[Start of Attachment]

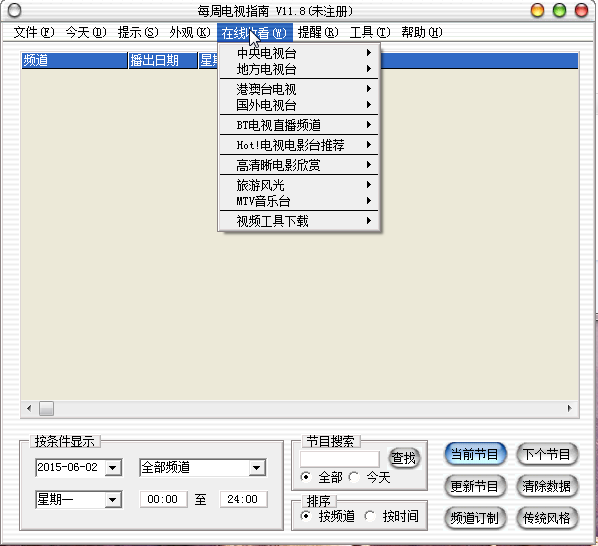 每周电视指南让你不错过任何精彩的电视节目,它利用了互联网的便捷性和数据库的强大查询功能,使你可以方便地下载最近两周的电视节目表并选定自己最喜欢看的内容。在线网络电视功能,让你不装卫星天线也能收看到最新港剧、台湾综艺,各大体育赛事。支持皮肤选择,界面更漂亮。《每周电视指南》也是迄今为止国内第一款可同时收看网络电视和查看电视节目表的软件。
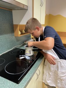 Učenci 5. in 6. č smo danes izkoristili deževni dan za peko slastnih vafljev. V okviru šolske ure gospodinjstva smo se učili varnega rokovanja z gospodinjskimi pripomočki, priprave vafljev in seveda tistega, kar pride na koncu, pa ni tako sladko – pospravljanja in pomivanja učilnice. Učenci so urili svoje sposobnosti in ugotovili, da je vse lažje, če sodelujemo kot ekipa. Delo smo si porazdelili tako, da je imel vsak majhen, a pomemben del priprave, brez katerega naš cilj ne bi bil dosežen. Tako smo se naučili sodelovati in ceniti delo drug drugega.
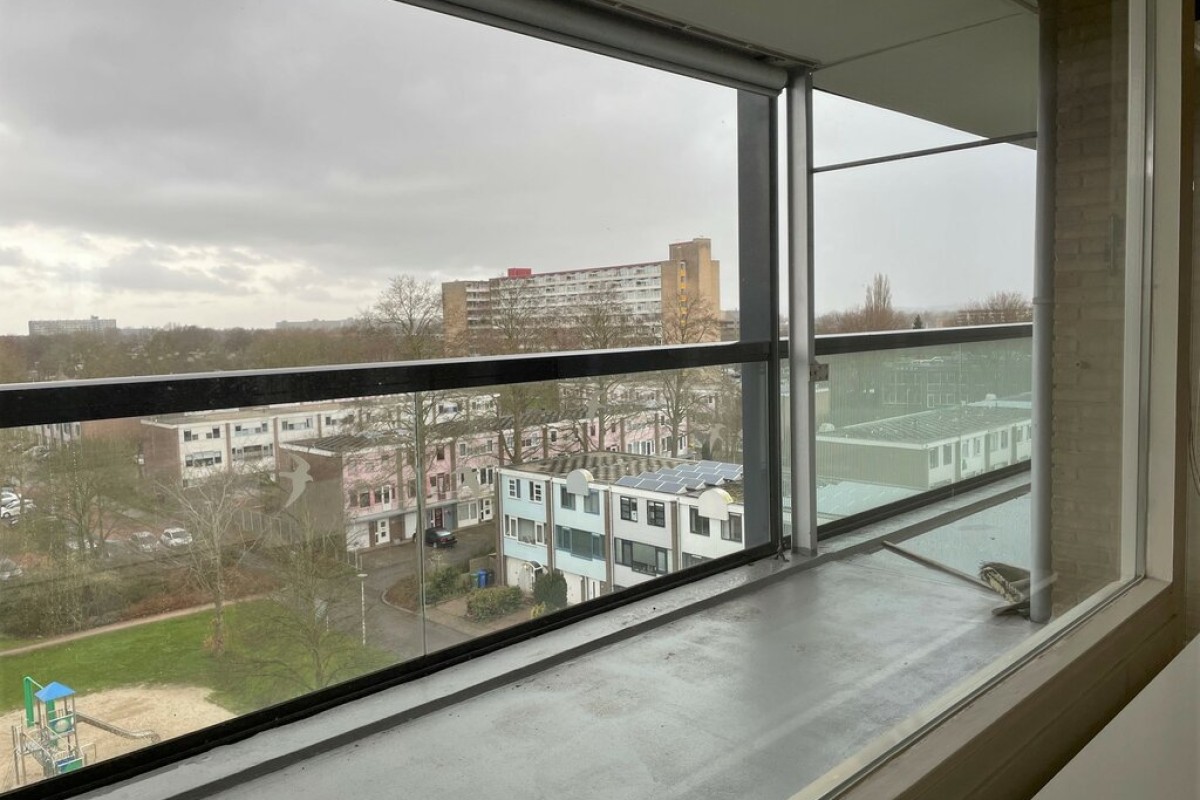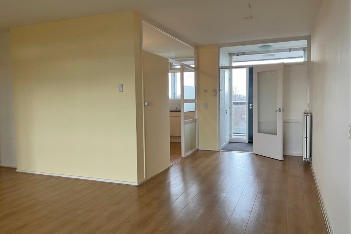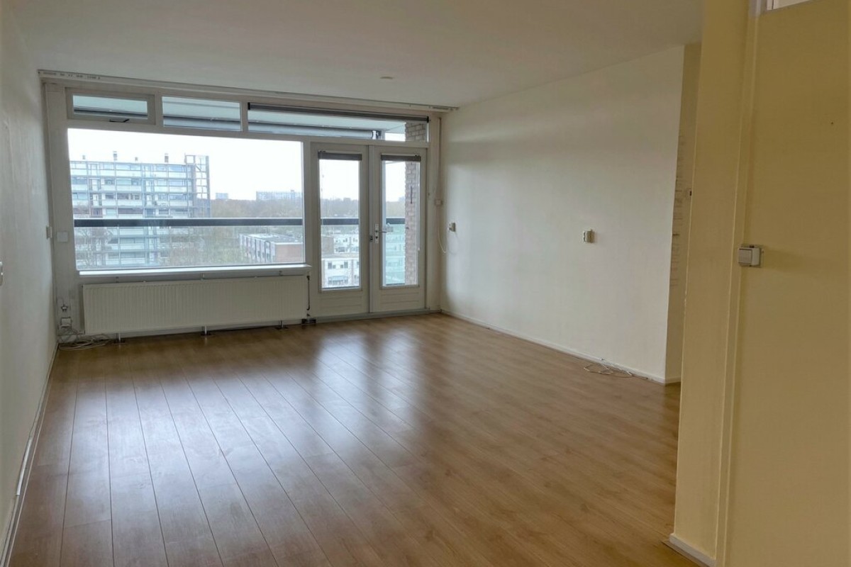 Woonlaag 6: tochtportaal met meterkast, royale woonkamer met toegang naar het riante balkon. Aan de voorzijde bevindt zich de dichte keuken in een hoekopstelling geplaatst. Drie slaapkamers, c.v.-ruimte, toilet, badkamer met douche en wastafel.
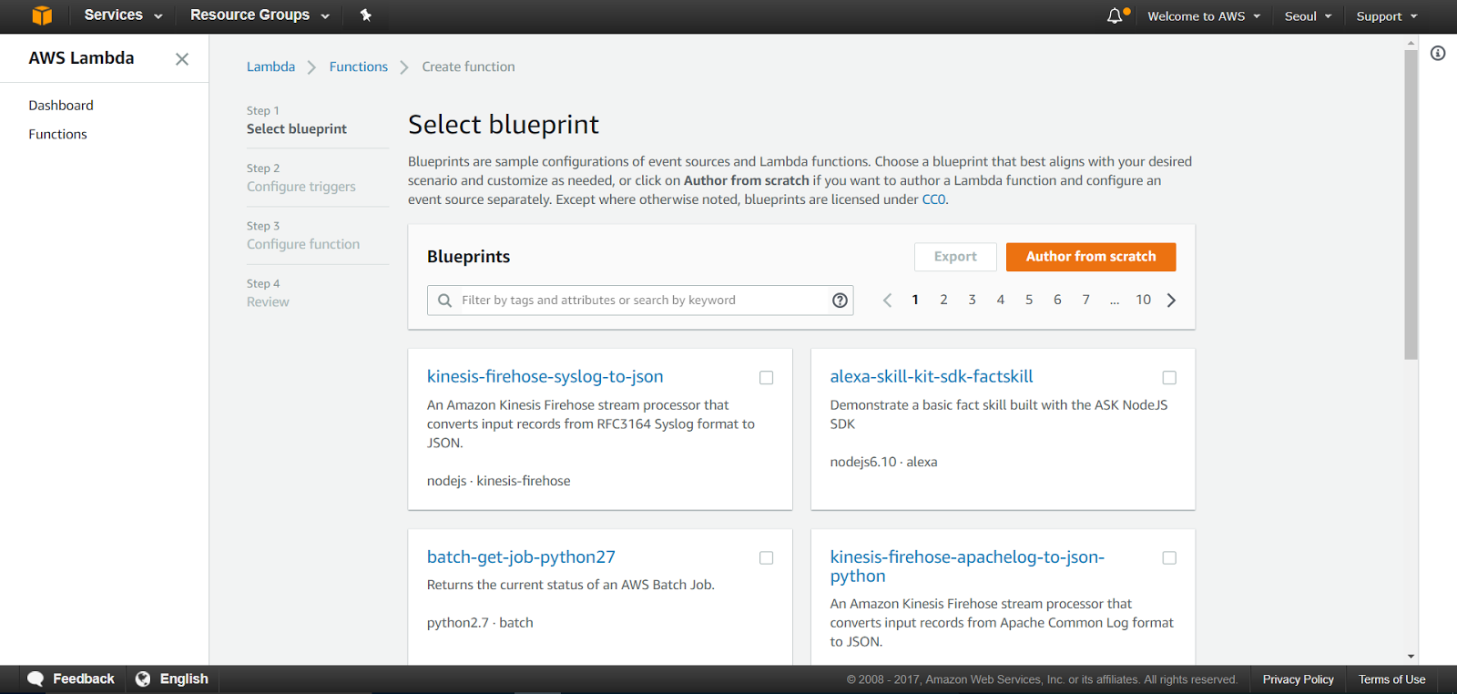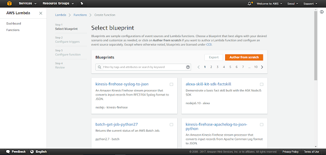 3. Step1.으로 blueprints를 설정하는 화면이 나오는데요. Lambda에서는 BluePrints 검색을 통해 사용자가 원하는 서비스들을 기능별로 템플릿형태 처럼 제공하고있습니다.
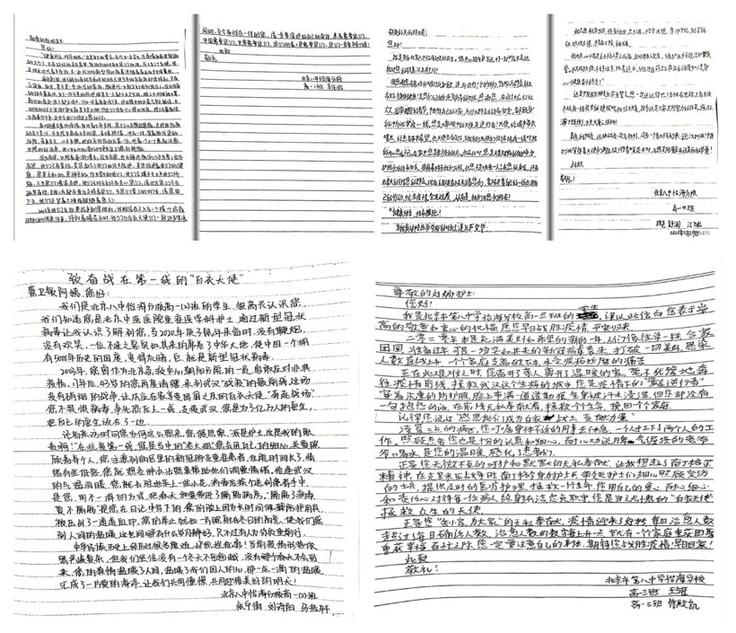 近日,我院党委办公室收到一个厚厚的信封,里面有11封信,是北京八中怡海分校的同学们写给党委和我院10名援鄂医疗队队员的。
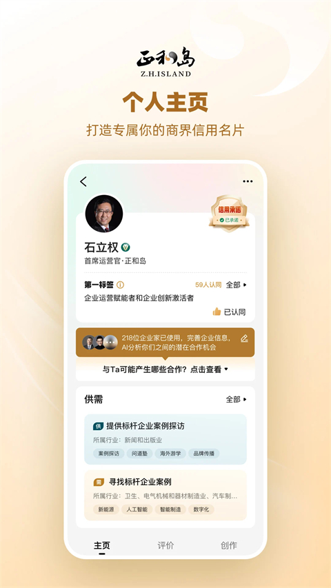 2、用户可创建专属主页,展示企业信息、个人成就与商业标签,吸引志同道合者主动连接。

[End of Attachment]

— WHAT TO DO —
Give back every record above word for word, dropping pictures.

— EXERCISE ANSWER —
 每周电视指南让你不错过任何精彩的电视节目,它利用了互联网的便捷性和数据库的强大查询功能,使你可以方便地下载最近两周的电视节目表并选定自己最喜欢看的内容。在线网络电视功能,让你不装卫星天线也能收看到最新港剧、台湾综艺,各大体育赛事。支持皮肤选择,界面更漂亮。《每周电视指南》也是迄今为止国内第一款可同时收看网络电视和查看电视节目表的软件。
 Učenci 5. in 6. č smo danes izkoristili deževni dan za peko slastnih vafljev. V okviru šolske ure gospodinjstva smo se učili varnega rokovanja z gospodinjskimi pripomočki, priprave vafljev in seveda tistega, kar pride na koncu, pa ni tako sladko – pospravljanja in pomivanja učilnice. Učenci so urili svoje sposobnosti in ugotovili, da je vse lažje, če sodelujemo kot ekipa. Delo smo si porazdelili tako, da je imel vsak majhen, a pomemben del priprave, brez katerega naš cilj ne bi bil dosežen. Tako smo se naučili sodelovati in ceniti delo drug drugega.
 Woonlaag 6: tochtportaal met meterkast, royale woonkamer met toegang naar het riante balkon. Aan de voorzijde bevindt zich de dichte keuken in een hoekopstelling geplaatst. Drie slaapkamers, c.v.-ruimte, toilet, badkamer met douche en wastafel.
 3. Step1.으로 blueprints를 설정하는 화면이 나오는데요. Lambda에서는 BluePrints 검색을 통해 사용자가 원하는 서비스들을 기능별로 템플릿형태 처럼 제공하고있습니다.
 近日,我院党委办公室收到一个厚厚的信封,里面有11封信,是北京八中怡海分校的同学们写给党委和我院10名援鄂医疗队队员的。
 2、用户可创建专属主页,展示企业信息、个人成就与商业标签,吸引志同道合者主动连接。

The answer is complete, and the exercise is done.